0

I am iterating over flatProduct.Catalogs slice and populating my productCatalog concurrent map in golang. I am using upsert method so that I can add only unique productID's into my productCatalog map.

This uses a linear scan to check for duplicate product IDs but in my case I have more than 700k productId's so it is very slow for me.
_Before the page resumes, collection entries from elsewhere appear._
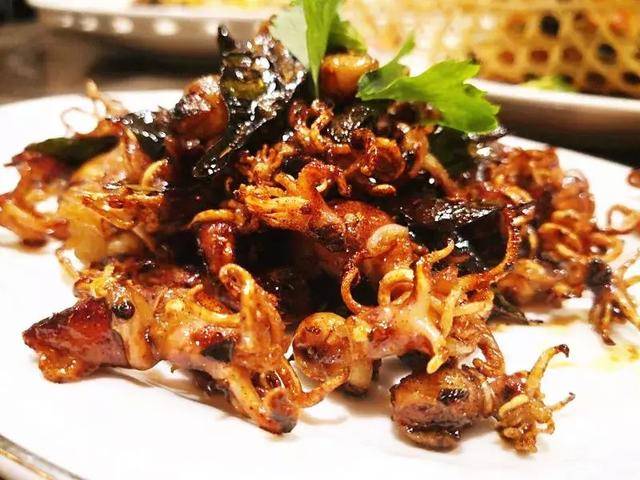 用咖喱叶煎出来的鱿鱼仔,带着满满的南洋风味。这道香煎鱿鱼仔结合新加坡特色想出来的点子。
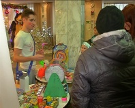 Всех гостей новогоднего праздника встречают артисты культурного центра. Этот прием особенный. Главные участники праздника - дети работников ЕВРАЗа. Для них компания организовала яркий новогодний праздник. Театрализованное представление начинается буквально с фойе культурного центра.
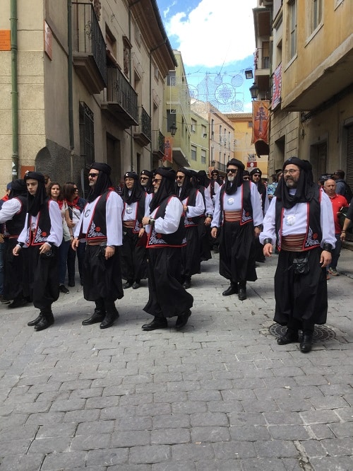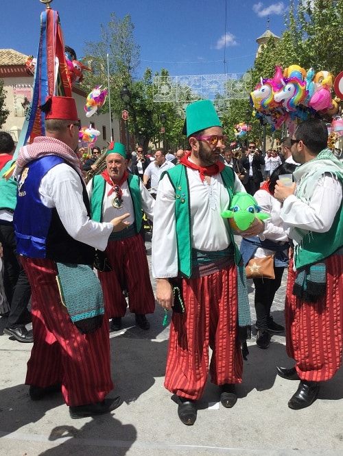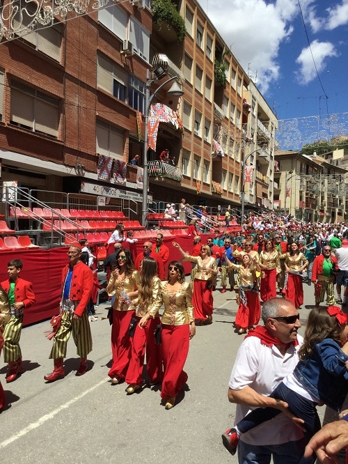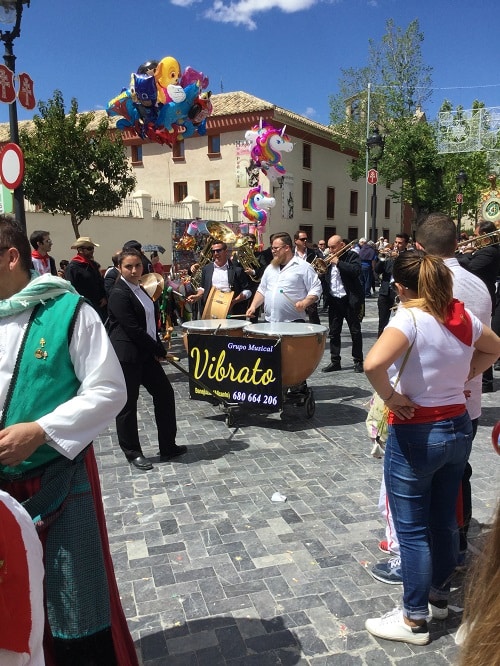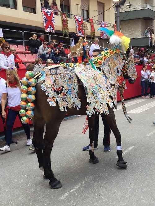 Nämä hevoset tuodaan juhlan aikana kaupunkiin paraateihin ja niitä esitellään mielellään kaikille. Juhlaan kuuluu hienoimman puvun valinta, paraslaatuinen hevonen jne. Tärkeä päivä ja tapahtuma on kuitenkin hevoskilpailu, jossa hevoset vierellään neljä peñan jäsentä (2 kummallakin puolella juosten hevosen vieressä) kilpailevat suuren väentungoksen keskellä nopeudesta. Nopein hevonen ja peña voittaa. Kikkana kuitenkin on, että kaikki neljä juoksijaa pysyvät koko matkan hevosen mukana pitäen kiinni hevosesta. Markkeeraisiko tämä sitä kilpajuoksua viinileilien kanssa, kun temppeliritarit kuljettivat juotavaa kyläläisille ja maurit ajoivat heitä takaa. Tähän liittyvä tarina/legenda on kerrottu vähän alempana olevassa kappaleessa.

I am looking for ways to make it more efficient.

Below code is called by multiple goroutines in parallel that is why I am using concurrent map here to populate data into it.

var productRows []ClientProduct
err = json.Unmarshal(byteSlice, &productRows)
if err != nil {
    return err
}
for i := range productRows {
    flatProduct, err := r.Convert(spn, productRows[i])
    if err != nil {
        return err
    }
    if flatProduct.StatusCode == definitions.DONE {
        continue
    }
    r.products.Set(strconv.Itoa(flatProduct.ProductId, 10), flatProduct)
    for _, catalogId := range flatProduct.Catalogs {
        catalogValue := strconv.FormatInt(int64(catalogId), 10)
        // how can I improve below Upsert code for `productCatalog` map so that it can runs faster for me?
        r.productCatalog.Upsert(catalogValue, flatProduct.ProductId, func(exists bool, valueInMap interface{}, newValue interface{}) interface{} {
            productID := newValue.(int64)
            if valueInMap == nil {
                return []int64{productID}
            }
            oldIDs := valueInMap.([]int64)

            for _, id := range oldIDs {
                if id == productID {
                    // Already exists, don't add duplicates.
                    return oldIDs
                }
            }
            return append(oldIDs, productID)
        })
    }
}

Above upsert code is very slow for me and it takes lot of time to add unique product id's as a value in my concurrent map. Here is how productCatalog is defined.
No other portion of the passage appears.